Aus der Stellungnahme der beiden Berichterstatter, welche die von der GwG eingereichten Unterlagen, insbesondere die wissenschaftlichen Studien, im Detail überprüften, geht unter anderem hervor, dass die den Mitgliedern des Wissenschaftlichen Beirats im Juli zur Verfügung gestellte Dokumentation der GwG unvollständig und unrichtig sei. Außer dem konnten die Berichterstatter nicht ausschließen, dass aufgrund der unzureichenden Dokumentation andere relevante Studien nicht berücksichtigt worden seien. Diese Stellungnahme der beiden Berichterstatter wurde den Mitgliedern des Wissenschaftlichen Beirats erst in der Sitzung am 30. September 1999 als Tischvorlage zur Kenntnis gegeben.

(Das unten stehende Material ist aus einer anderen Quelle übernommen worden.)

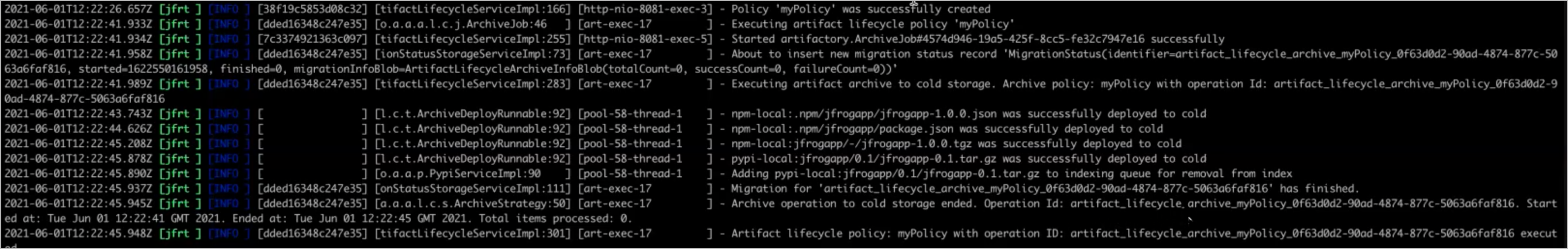 Cold Storage adds dedicated logs in the Live Artifactory service logs for the events that are related to the artifacts and packages being archived, including running archiving policies and the archive process itself. The following events are documented in the log:
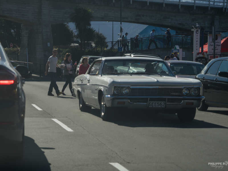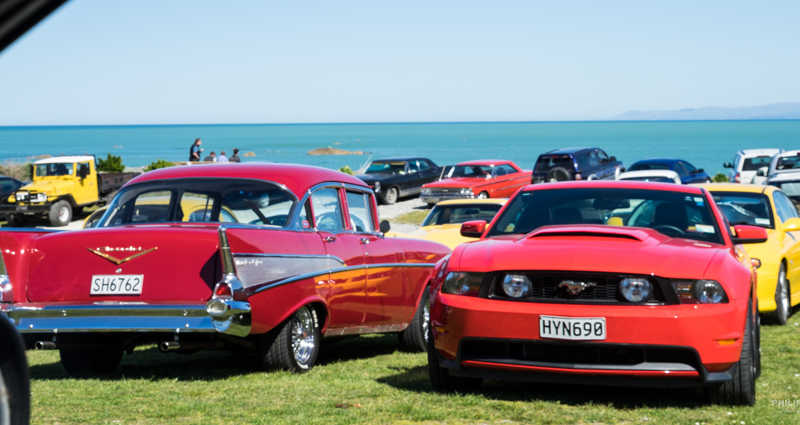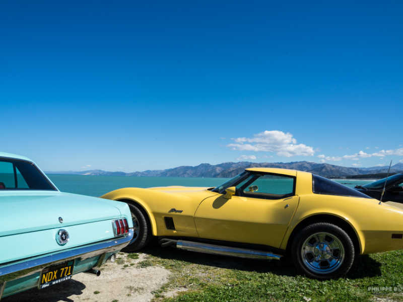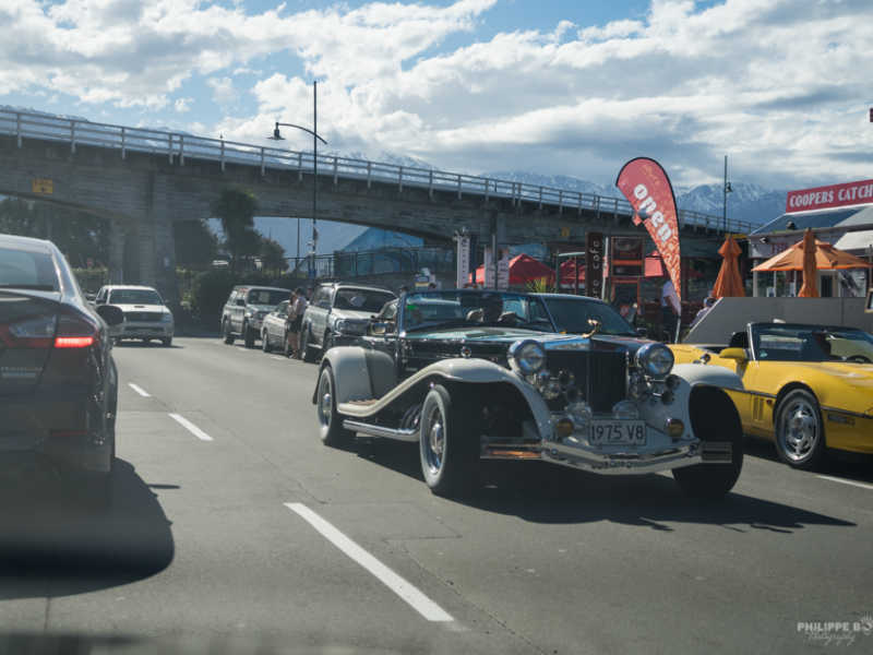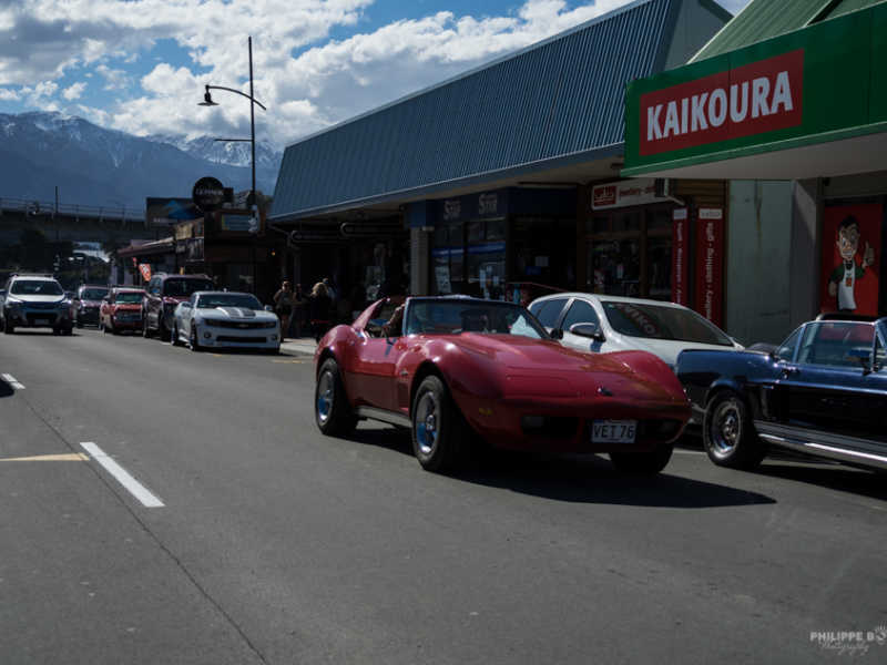 À Kaikoura, c’est une belle surprise qui se présente à nous. Un rassemblement de voiture mais pas n’importe lesquels : Corvette, vieux Ford, Mustang ; toute une ribambelle de voiture ancienne très bien entretenues.

Die Mitglieder des Wissenschaftlichen Beirats hatten somit keine Gelegenheit, die Unterlagen, insbesondere die Veröffentlichungen zu den wissenschaftlichen Studien (die den Berichterstattern allerdings erst wenige Tage vor der Sitzung am 29./30. September vorgelegt worden waren), einzusehen und sich auf diese Weise selber ein Urteil zu bilden.

2. Inhaltlich

In der Stellungnahme der Berichterstatter (und wohl auch in der vorgelegten Dokumentation) werden zur Beurteilung ausschließlich kontrollierte Wirksamkeitsstudien (im Sinne von efficacy) herangezogen. Dies steht nicht im Einklang mit den Kriterien des Wissenschaftlichen Beirats, wonach bei der Beurteilung der wissenschaftlichen Anerkennung auch andere Studien (zum Beispiel Einzelfallstudien, insbesondere aber effectiveness-Studien) berücksichtigt werden können.

Das Mitglied Prof. Richter sah sich daher nicht in der Lage, die Anfrage nach der wissenschaftlichen Anerkennung der Gesprächspsychotherapie abschlägig zu beantworten; ein Antrag auf Vertagung wurde mit großer Mehrheit abgelehnt.